For information about our on-site property manager, please visit the contact page.
The condominium corporation's Board of Directors consists of five elected Directors:
At least one of the members of Board must be elected by the owners who reside in the building (known as the owner-occupied position).
Board members are elected at the corporation's Annual General Meetings on a staggered basis for a term of three (3) years.
Duties of the Board of Directors
The Board of Directors oversees the operation of the corporation as a whole, and is ultimately answerable to the owners. The Board has the final decision regarding how to best manage, allocate and use the finances of the corporation. The Board oversees the day-to-day operational support provided by Property Management and continually looks for opportunities to improve the common living environment.
Directors work as a group and can only approve items as a group. No individual Director can make a decision on his or her own. Directors can only carry out the business of the Board at a board meeting where there is a quorum. A quorum is three directors unless the By-Laws require a larger number.
The specific duties of the Board and the corporation (which is made up of all owners of the 169 units), are found in By-Law #1 of the condominium documents. Directors carry out such duties including, but not limited to, managing and administering the business and finances of the corporation, dealing with all legal matters of the corporation and supporting compliance with the Rules, By-Laws and Declaration of the corporation.
Contacting the Board of Directors
Directors should not be approached or contacted for issues that the Property Manager and/or Superintendents are contracted to do, such as housekeeping and administrative issues or complaints about noise and other disturbances.
Board members are volunteers and do not get paid. They, like other owners, want and are entitled to reasonable enjoyment of their units and the building's common elements. Please do not approach or harass any of the directors with complaints or concerns about a situation in the building and/or a decision made by the Board. Any complaints to the Board should be in writing and placed in the suggestion box located in the mail area or given directly to the Property Manager.
A condominium corporation is required by law to operate with a balanced budget. To sustainably finance the operating expenses of the corporation all owners are required to pay monthly common expenses fees (a.k.a. "maintenance fees"). Examples of these expenses include utility bills, maintenance costs, property management, insurance, salaries, improvements and upgrades.
The amount of the fee is based on an annual budget forecast for these expenses. The fee for each individual unit is apportioned based on the relative physical size of each unit specified in the allocations factors in the Declaration.
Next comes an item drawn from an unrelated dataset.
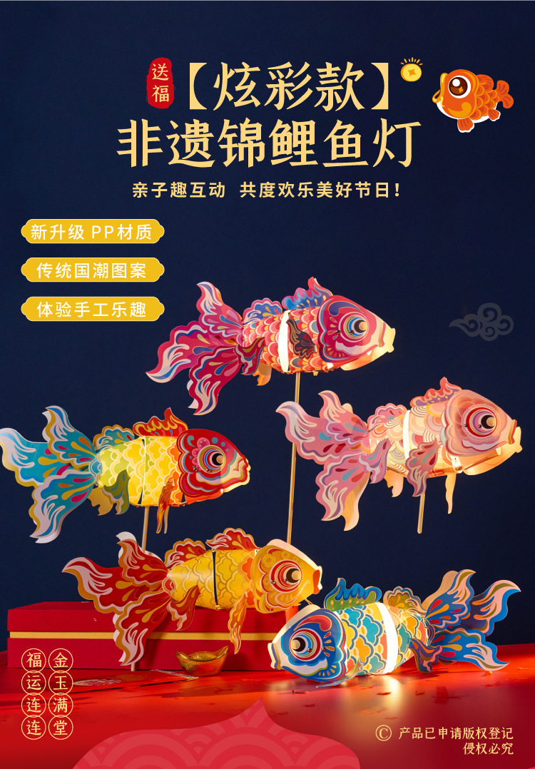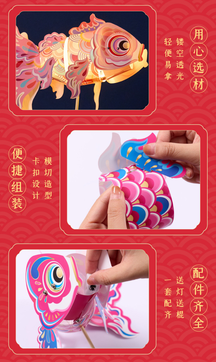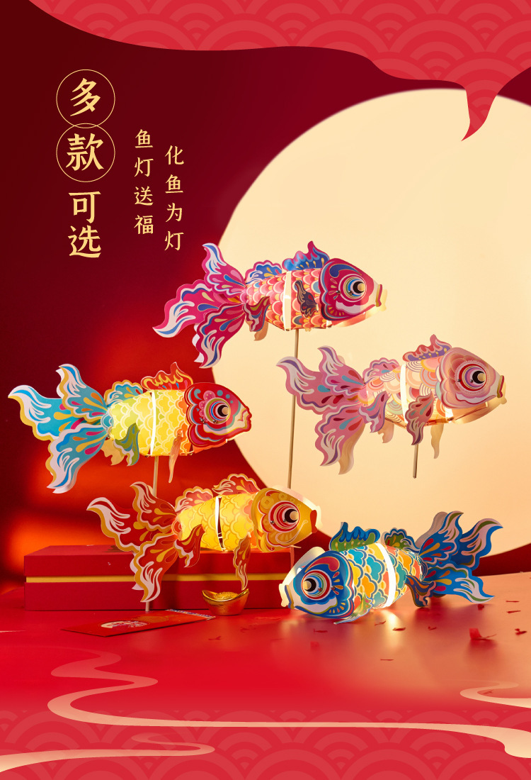 【17.9秒!超吸睛金鱼鱼灯】2026 马年锦鲤鱼灯笼手工 DIY 材料包 儿童制作金鱼花灯挂饰

The law requires the corporation to contribute a portion of these fees to a Reserve Fund, which is a special fund set up to pay for major repairs and renovations that are anticipated or may be needed in the future. A special report known as a Reserve Fund Study is prepared on a regular basis for the corporation. This report predicts a maintenance schedule for major items and calculates the amount of money that the corporation will contribute each year to cover these future costs. A Reserve Fund Study helps eliminate the need for special assessments, which is an extra bill to owners to cover expenses.
If the Board has over-estimated common expenses, there is no direct refund to the owners. Instead, the surplus must be applied to future common expenses or paid into the Reserve Fund. If an owner does not pay their portion of the common expenses, the corporation can place a lien against their unit that could lead to sale of their unit to cover their expenses.
The responsibilities regarding repairs and maintenance are outlined in the Declaration.